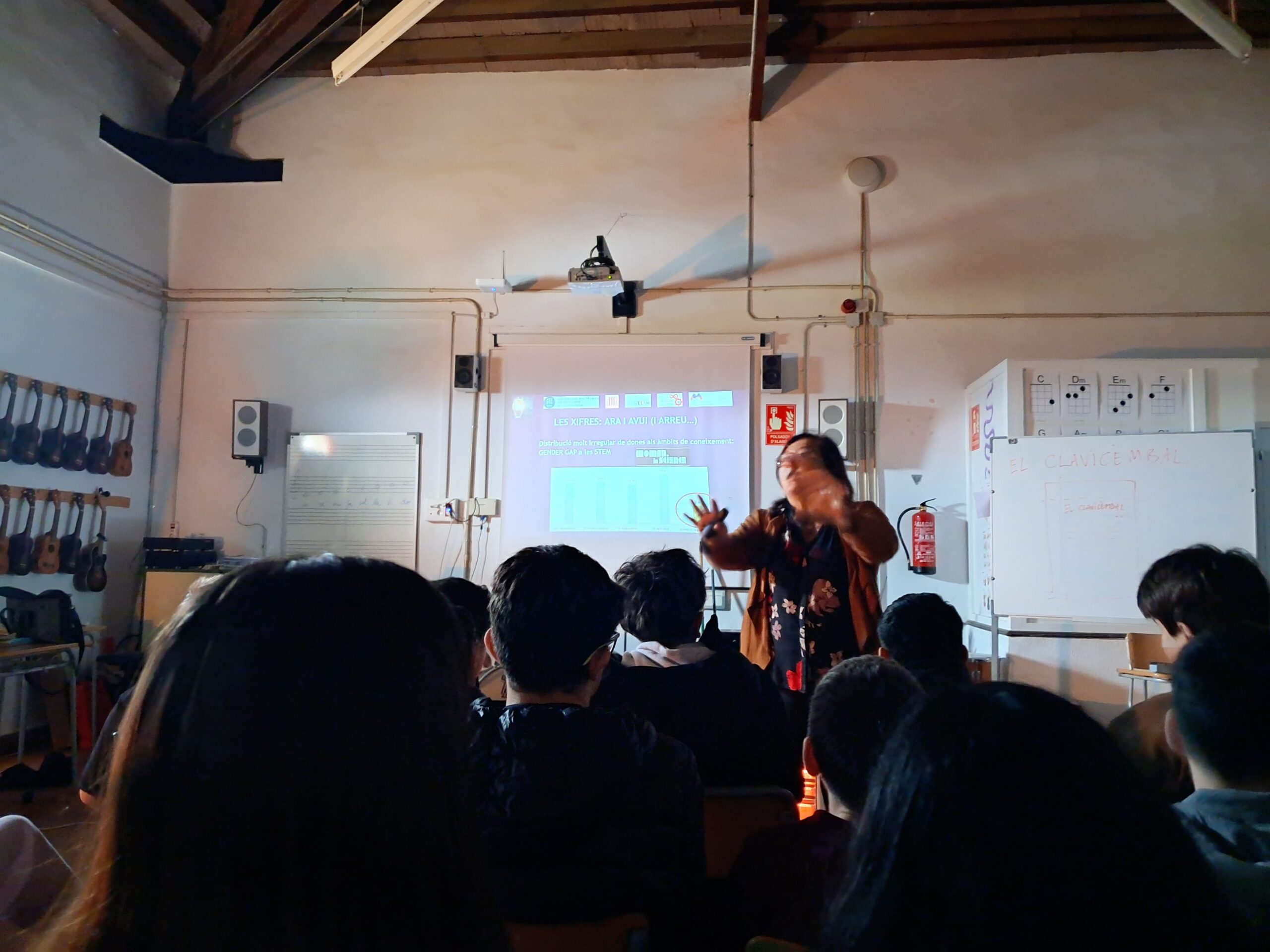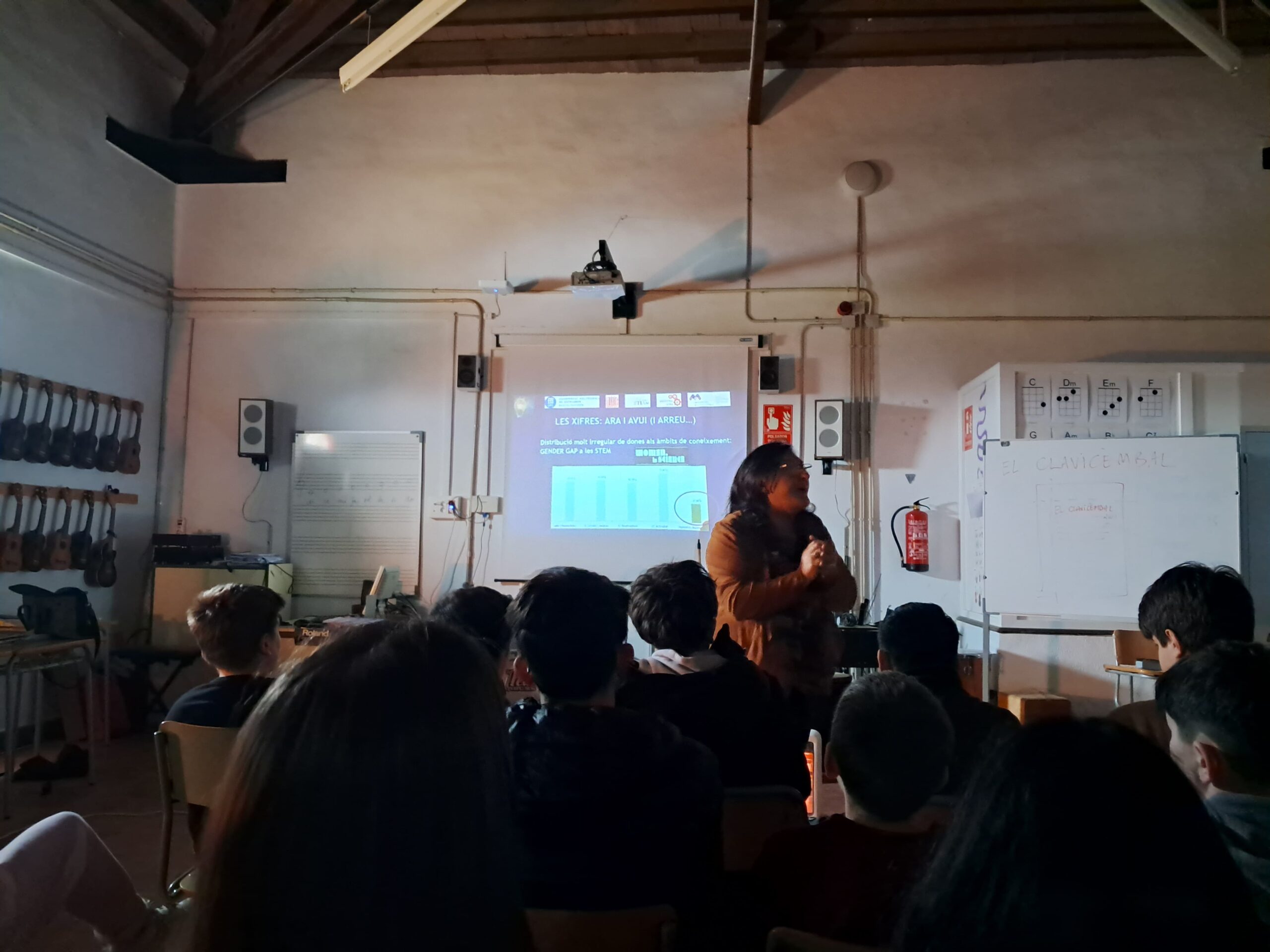 La setmana passada l’alumnat de 2n d’ESO va gaudir d’una xerrada de la Núria Salán, professora i divulgadora científica de la Universitat Politècnica de Catalunya, sobre l’accés de les dones a la universitat en carreres de ciència i tecnologia i la resposta de la societat. Vam fer un repàs històric d’algunes de les dones científiques més brillants de la història (la majoria molt poc conegudes), de les seves aportacions i de les dificultats que van tenir tant per estudiar com per presentar les seves invencions o descobriments. A partir d’aquesta experiència, hem reflexionat en grup sobre els estereotips de gènere que s’arrosseguen i que no afavoreixen l’apropament de les dones a les titulacions tecnològiques i estem construint una mural en què aprofundim en la vida i els descobriments d’algunes de les dones científiques més importants de la història.
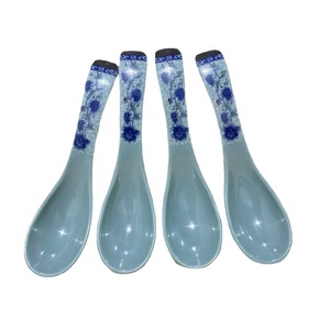 7006青花瓷勺仿瓷勺 饭店吃饭勺 早餐密胺勺带钩...
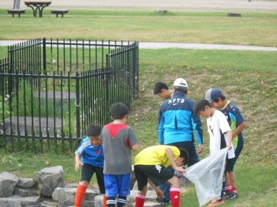 この光景がクラブならでは。小中高生が一緒になって作業が終了しました
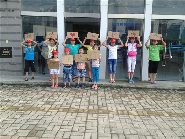 践行环保、永葆“青春”—尽展地球之风采,我们还与留守儿童一起进行环保宣传,呼吁人们从身边做起,保护资源、低碳生活、减少有害气体及污物排放。这次的“低碳环保,爱护我家”的宣传活动形式很特殊,因为我们将和孩子们一起做这么有意义的活动。这样不仅增强了人们爱护家园的意识,而且教会孩子将“低碳环保,从自我做起“的理念与实践具体的相结合,使孩子能够树立正确的环保意识观,我们遵循“废物—利用—循环”理念来制作海报宣传,收集别人丢掉的纸盒子,然后做成海报和“横幅”。来代替以往的以横幅的形式宣传环保,因为用过的横幅以后也不能够回收利用了,这样本身就是一种浪费资源的行为。我们坚持走群众路线,让村村的人们在我们和孩子的带动下,也有环保的意识 “环保之行”的活动,保护好自己身边的环境,那一群孩子们,踊跃的参加了我们的活动,虽然很热,孩子们积极向上的热情也没有退缩,迈开大步向前走。
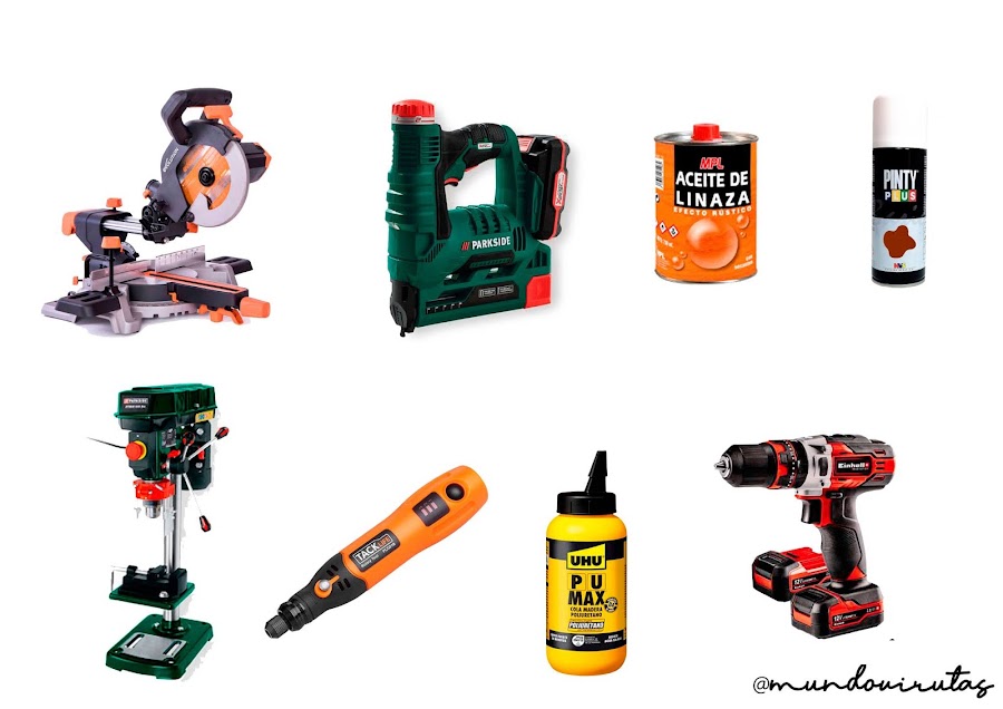 Para este proyecto utilicé 56 tornillos, un trozo de madera de pino y unos listones.
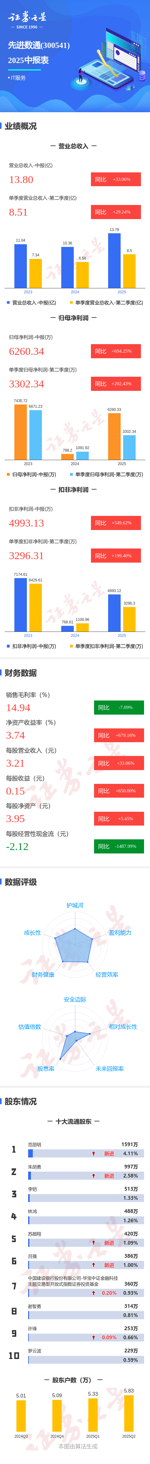 证券之星消息,先进数通2025年中报显示,公司主营收入13.8亿元,同比上升33.06%;归母净利润6260.34万元,同比上升694.25%;扣非净利润4993.13万元,同比上升549.62%;其中2025年第二季度,公司单季度主营收入8.51亿元,同比上升29.24%;单季度归母净利润3302.34万元,同比上升202.43%;单季度扣非净利润3296.31万元,同比上升199.4%;负债率46.58%,投资收益144.79万元在线配资开户网站,财务费用788.0万元,毛利率14.94%。
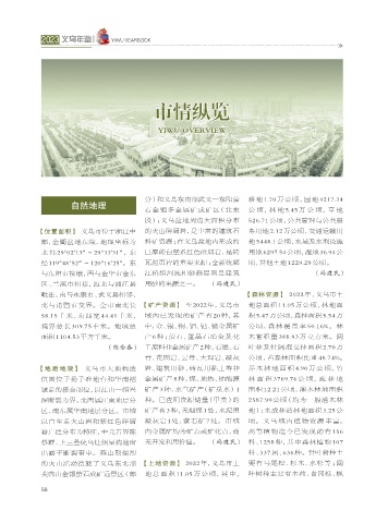 北与诸暨市交界。全市南北长 【矿产资源】 至 2022 年,义乌市 地总面积 11.05 万公顷,林地面
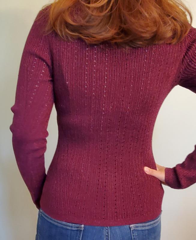 Beautiful sweater ideal for a social event or for work. It is tight to the body and has some shine which makes it more elegant. It is versatile and can be used by women of any age. It is true size. It is pretty

───

▶ [What you will do]: For this step, transcribe all the material above exactly and drop the images.

▶ [Response below]:
 La setmana passada l’alumnat de 2n d’ESO va gaudir d’una xerrada de la Núria Salán, professora i divulgadora científica de la Universitat Politècnica de Catalunya, sobre l’accés de les dones a la universitat en carreres de ciència i tecnologia i la resposta de la societat. Vam fer un repàs històric d’algunes de les dones científiques més brillants de la història (la majoria molt poc conegudes), de les seves aportacions i de les dificultats que van tenir tant per estudiar com per presentar les seves invencions o descobriments. A partir d’aquesta experiència, hem reflexionat en grup sobre els estereotips de gènere que s’arrosseguen i que no afavoreixen l’apropament de les dones a les titulacions tecnològiques i estem construint una mural en què aprofundim en la vida i els descobriments d’algunes de les dones científiques més importants de la història.
 7006青花瓷勺仿瓷勺 饭店吃饭勺 早餐密胺勺带钩...
 この光景がクラブならでは。小中高生が一緒になって作業が終了しました
 践行环保、永葆“青春”—尽展地球之风采,我们还与留守儿童一起进行环保宣传,呼吁人们从身边做起,保护资源、低碳生活、减少有害气体及污物排放。这次的“低碳环保,爱护我家”的宣传活动形式很特殊,因为我们将和孩子们一起做这么有意义的活动。这样不仅增强了人们爱护家园的意识,而且教会孩子将“低碳环保,从自我做起“的理念与实践具体的相结合,使孩子能够树立正确的环保意识观,我们遵循“废物—利用—循环”理念来制作海报宣传,收集别人丢掉的纸盒子,然后做成海报和“横幅”。来代替以往的以横幅的形式宣传环保,因为用过的横幅以后也不能够回收利用了,这样本身就是一种浪费资源的行为。我们坚持走群众路线,让村村的人们在我们和孩子的带动下,也有环保的意识 “环保之行”的活动,保护好自己身边的环境,那一群孩子们,踊跃的参加了我们的活动,虽然很热,孩子们积极向上的热情也没有退缩,迈开大步向前走。
 Para este proyecto utilicé 56 tornillos, un trozo de madera de pino y unos listones.
 证券之星消息,先进数通2025年中报显示,公司主营收入13.8亿元,同比上升33.06%;归母净利润6260.34万元,同比上升694.25%;扣非净利润4993.13万元,同比上升549.62%;其中2025年第二季度,公司单季度主营收入8.51亿元,同比上升29.24%;单季度归母净利润3302.34万元,同比上升202.43%;单季度扣非净利润3296.31万元,同比上升199.4%;负债率46.58%,投资收益144.79万元在线配资开户网站,财务费用788.0万元,毛利率14.94%。
 北与诸暨市交界。全市南北长 【矿产资源】 至 2022 年,义乌市 地总面积 11.05 万公顷,林地面
 Beautiful sweater ideal for a social event or for work. It is tight to the body and has some shine which makes it more elegant. It is versatile and can be used by women of any age. It is true size. It is pretty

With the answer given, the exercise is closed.